Problem to work on: Please retype the records below exactly, omitting any images.

Data for this task:
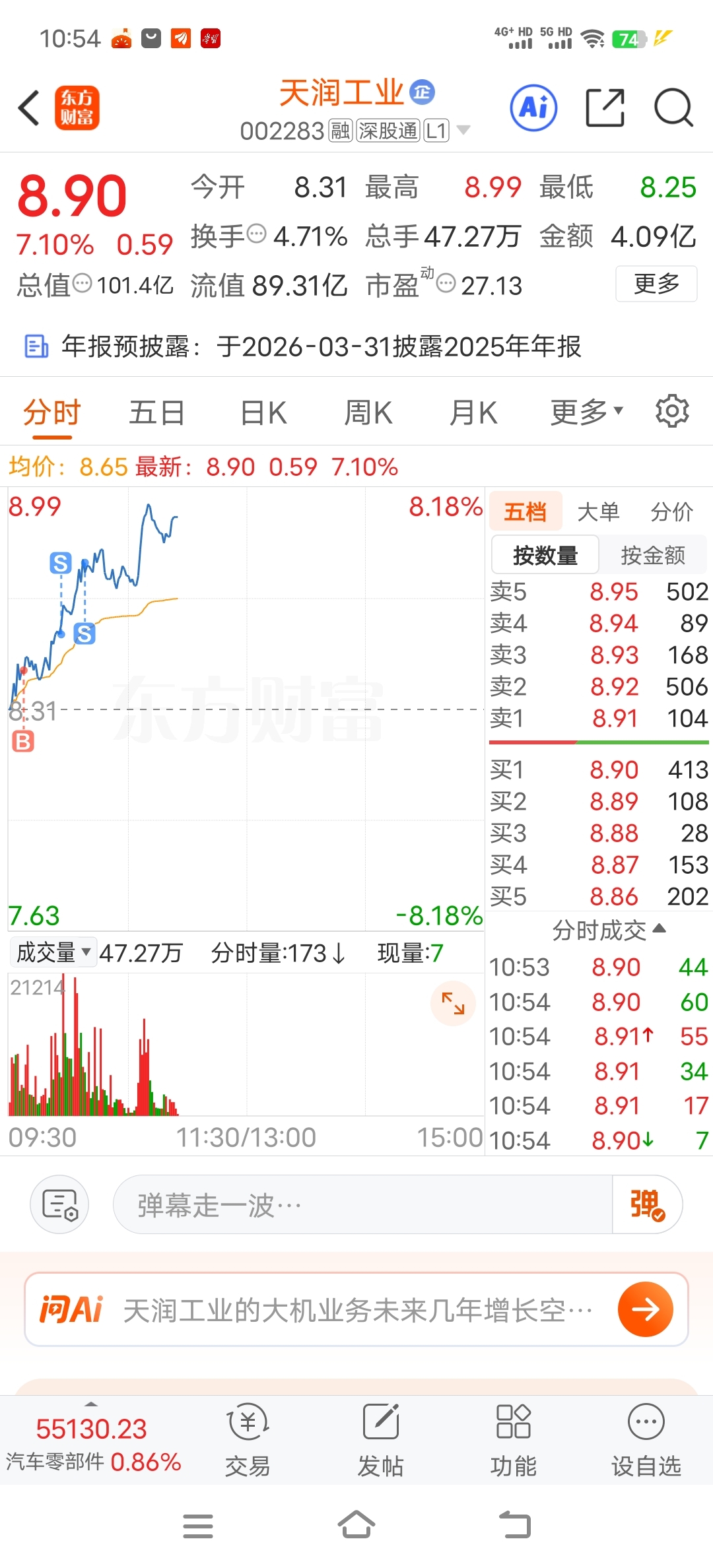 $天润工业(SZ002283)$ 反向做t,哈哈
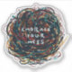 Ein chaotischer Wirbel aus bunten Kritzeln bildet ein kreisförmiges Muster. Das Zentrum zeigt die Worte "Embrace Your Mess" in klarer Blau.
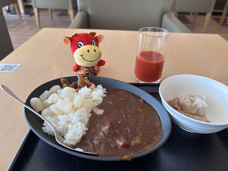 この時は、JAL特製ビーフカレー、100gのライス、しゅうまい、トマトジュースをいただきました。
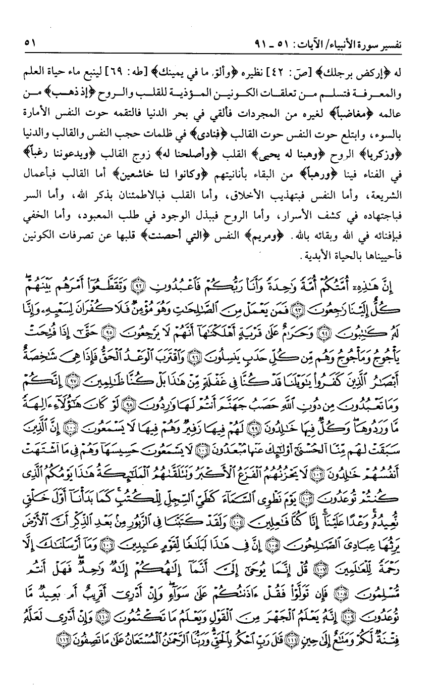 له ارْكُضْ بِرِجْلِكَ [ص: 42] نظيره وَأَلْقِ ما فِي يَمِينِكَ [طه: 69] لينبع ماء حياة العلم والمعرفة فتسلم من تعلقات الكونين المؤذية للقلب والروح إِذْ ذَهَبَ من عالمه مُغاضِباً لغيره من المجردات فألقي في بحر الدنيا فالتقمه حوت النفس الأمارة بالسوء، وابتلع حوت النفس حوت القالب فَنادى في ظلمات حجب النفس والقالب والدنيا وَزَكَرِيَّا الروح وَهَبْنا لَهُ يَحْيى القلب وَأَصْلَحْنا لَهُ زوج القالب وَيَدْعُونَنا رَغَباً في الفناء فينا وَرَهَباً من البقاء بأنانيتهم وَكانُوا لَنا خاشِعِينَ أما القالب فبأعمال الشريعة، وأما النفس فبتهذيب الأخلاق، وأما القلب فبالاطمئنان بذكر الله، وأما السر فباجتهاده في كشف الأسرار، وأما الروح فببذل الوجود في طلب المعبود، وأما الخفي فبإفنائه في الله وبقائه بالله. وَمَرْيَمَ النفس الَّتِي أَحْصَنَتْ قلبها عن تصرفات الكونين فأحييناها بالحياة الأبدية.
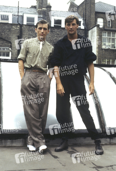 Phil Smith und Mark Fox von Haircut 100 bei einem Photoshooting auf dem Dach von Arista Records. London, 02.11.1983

Output for this task:
 $天润工业(SZ002283)$ 反向做t,哈哈
 Ein chaotischer Wirbel aus bunten Kritzeln bildet ein kreisförmiges Muster. Das Zentrum zeigt die Worte "Embrace Your Mess" in klarer Blau.
 この時は、JAL特製ビーフカレー、100gのライス、しゅうまい、トマトジュースをいただきました。
 له ارْكُضْ بِرِجْلِكَ [ص: 42] نظيره وَأَلْقِ ما فِي يَمِينِكَ [طه: 69] لينبع ماء حياة العلم والمعرفة فتسلم من تعلقات الكونين المؤذية للقلب والروح إِذْ ذَهَبَ من عالمه مُغاضِباً لغيره من المجردات فألقي في بحر الدنيا فالتقمه حوت النفس الأمارة بالسوء، وابتلع حوت النفس حوت القالب فَنادى في ظلمات حجب النفس والقالب والدنيا وَزَكَرِيَّا الروح وَهَبْنا لَهُ يَحْيى القلب وَأَصْلَحْنا لَهُ زوج القالب وَيَدْعُونَنا رَغَباً في الفناء فينا وَرَهَباً من البقاء بأنانيتهم وَكانُوا لَنا خاشِعِينَ أما القالب فبأعمال الشريعة، وأما النفس فبتهذيب الأخلاق، وأما القلب فبالاطمئنان بذكر الله، وأما السر فباجتهاده في كشف الأسرار، وأما الروح فببذل الوجود في طلب المعبود، وأما الخفي فبإفنائه في الله وبقائه بالله. وَمَرْيَمَ النفس الَّتِي أَحْصَنَتْ قلبها عن تصرفات الكونين فأحييناها بالحياة الأبدية.
 Phil Smith und Mark Fox von Haircut 100 bei einem Photoshooting auf dem Dach von Arista Records. London, 02.11.1983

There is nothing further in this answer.